Activity: Omitting the images, transcribe the records below exactly as they stand.

Data extract:
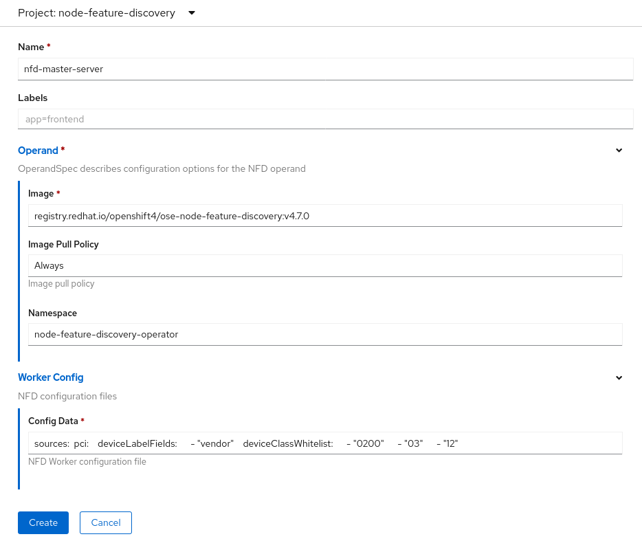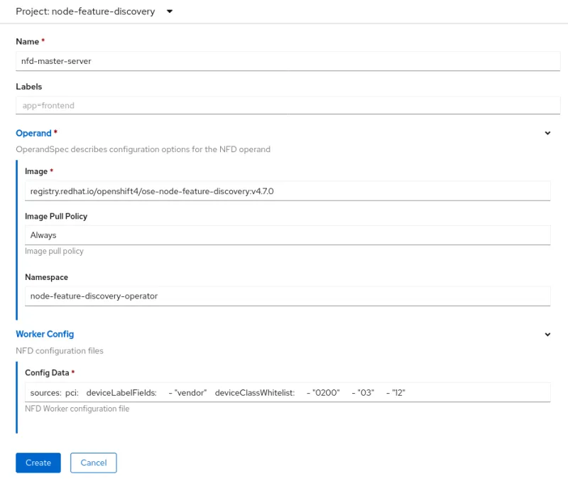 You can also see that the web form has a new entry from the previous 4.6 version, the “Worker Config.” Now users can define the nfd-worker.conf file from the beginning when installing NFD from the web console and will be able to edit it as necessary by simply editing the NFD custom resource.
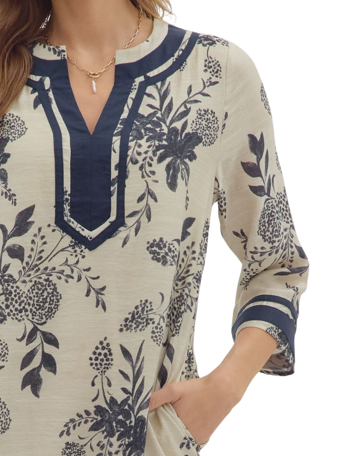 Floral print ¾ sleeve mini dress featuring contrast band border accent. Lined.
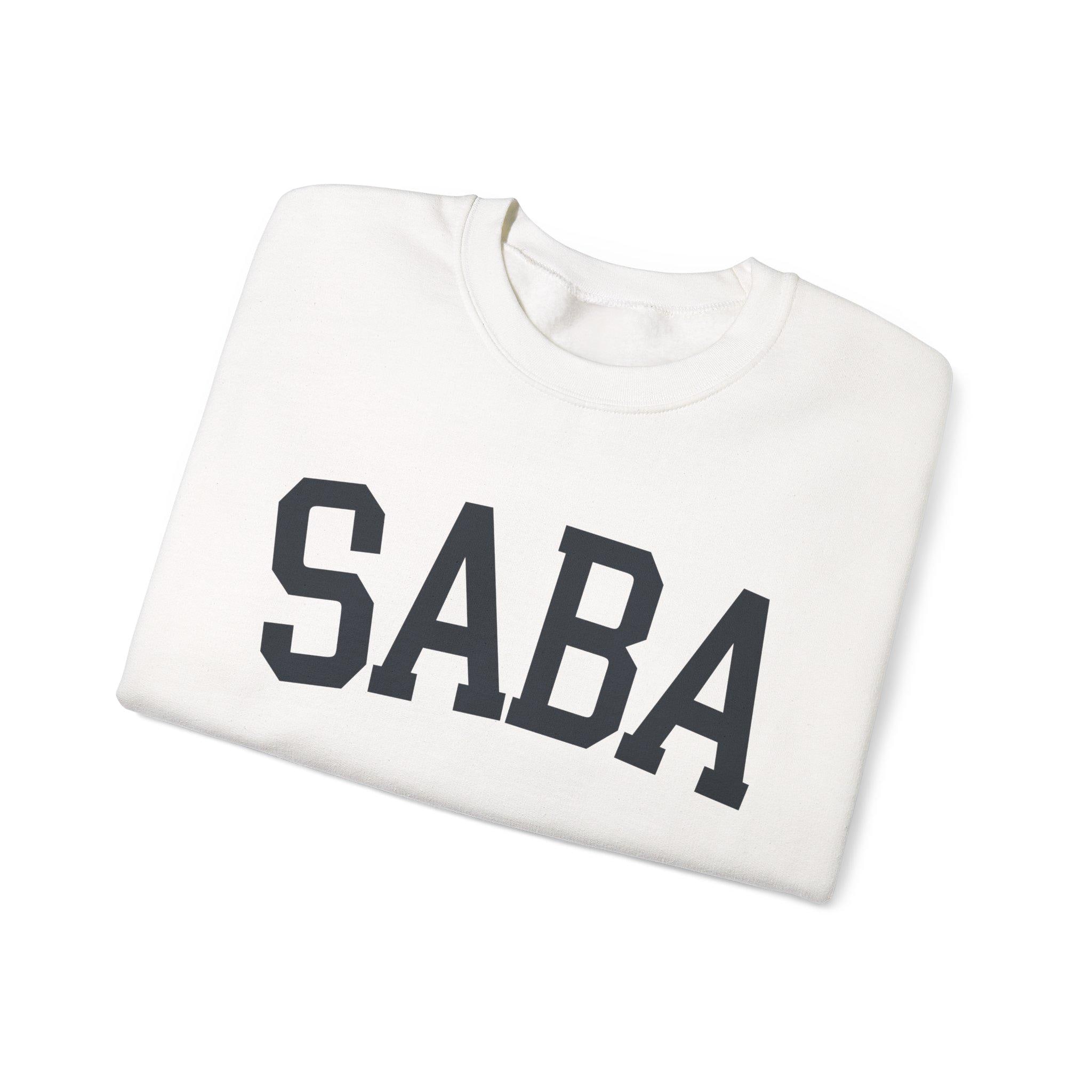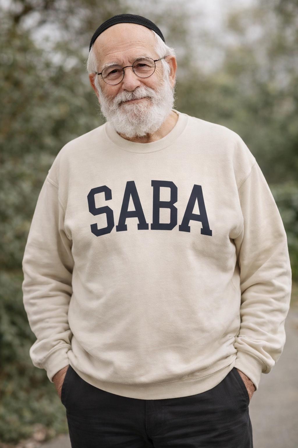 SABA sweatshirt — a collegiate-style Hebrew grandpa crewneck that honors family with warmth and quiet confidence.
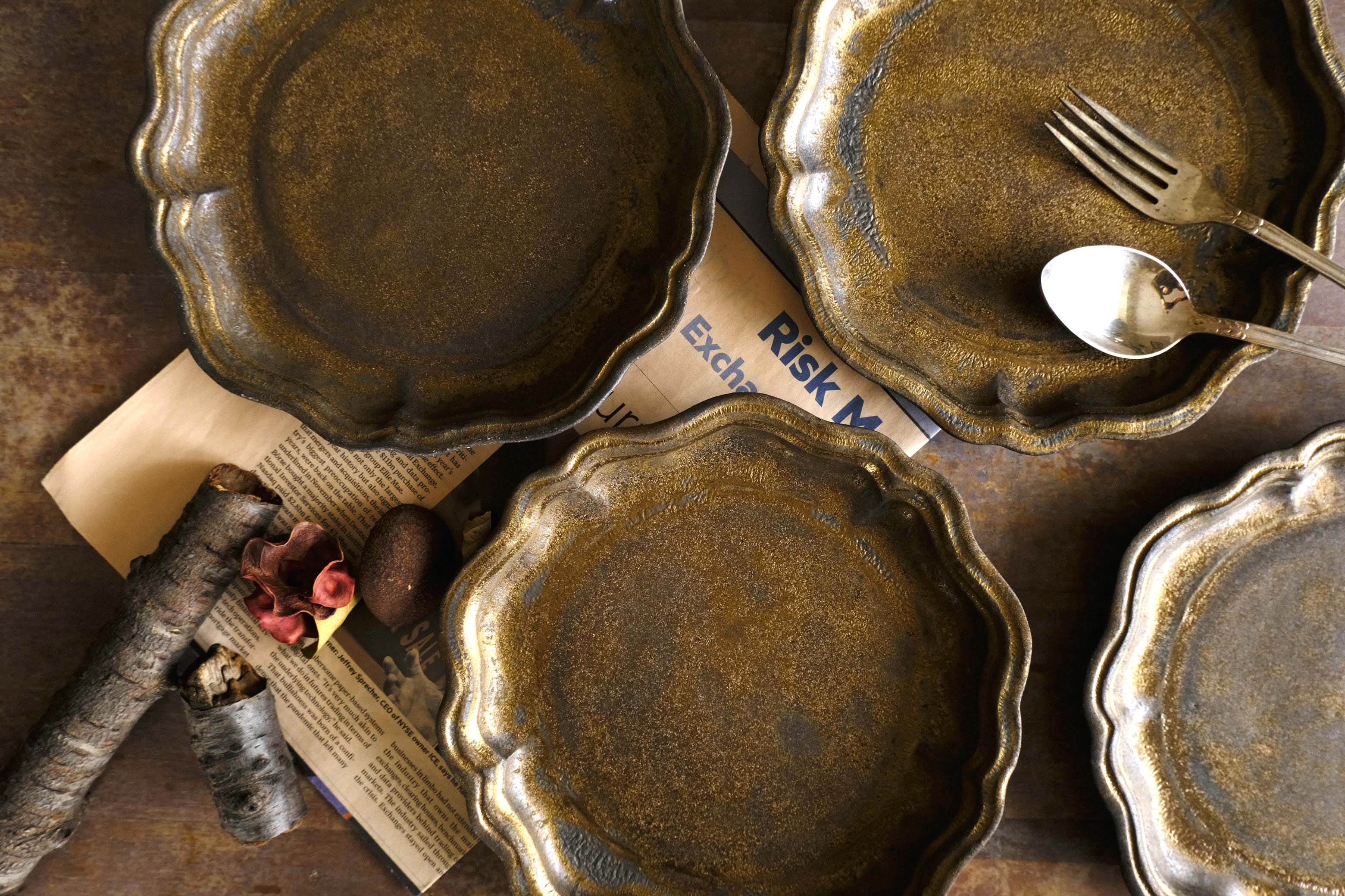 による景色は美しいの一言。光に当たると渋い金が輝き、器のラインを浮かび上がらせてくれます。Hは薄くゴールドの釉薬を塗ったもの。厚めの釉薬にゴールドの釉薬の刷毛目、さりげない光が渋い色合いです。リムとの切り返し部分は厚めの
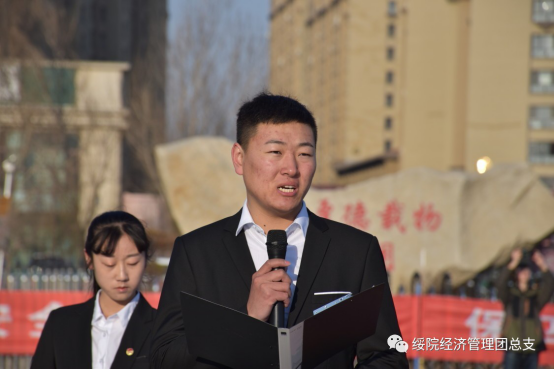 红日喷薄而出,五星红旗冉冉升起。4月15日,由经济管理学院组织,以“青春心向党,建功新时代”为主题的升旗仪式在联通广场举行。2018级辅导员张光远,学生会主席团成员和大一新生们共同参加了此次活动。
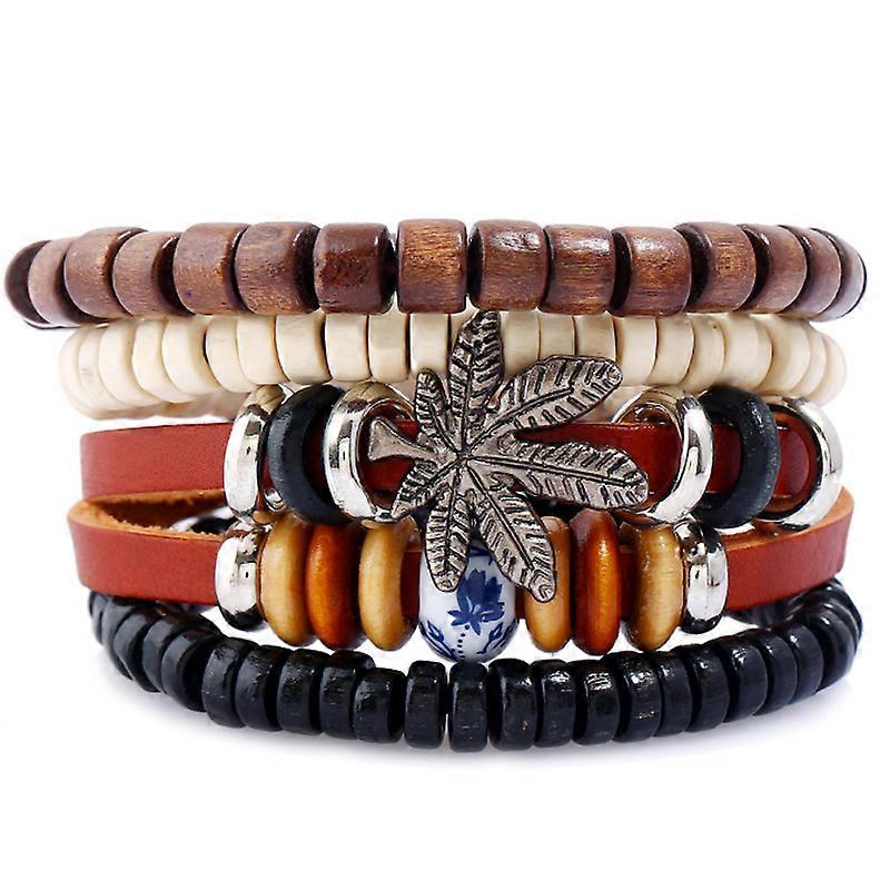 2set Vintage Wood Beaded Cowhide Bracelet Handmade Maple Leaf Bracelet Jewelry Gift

Result:
 You can also see that the web form has a new entry from the previous 4.6 version, the “Worker Config.” Now users can define the nfd-worker.conf file from the beginning when installing NFD from the web console and will be able to edit it as necessary by simply editing the NFD custom resource.
 Floral print ¾ sleeve mini dress featuring contrast band border accent. Lined.
 SABA sweatshirt — a collegiate-style Hebrew grandpa crewneck that honors family with warmth and quiet confidence.
 による景色は美しいの一言。光に当たると渋い金が輝き、器のラインを浮かび上がらせてくれます。Hは薄くゴールドの釉薬を塗ったもの。厚めの釉薬にゴールドの釉薬の刷毛目、さりげない光が渋い色合いです。リムとの切り返し部分は厚めの
 红日喷薄而出,五星红旗冉冉升起。4月15日,由经济管理学院组织,以“青春心向党,建功新时代”为主题的升旗仪式在联通广场举行。2018级辅导员张光远,学生会主席团成员和大一新生们共同参加了此次活动。
 2set Vintage Wood Beaded Cowhide Bracelet Handmade Maple Leaf Bracelet Jewelry Gift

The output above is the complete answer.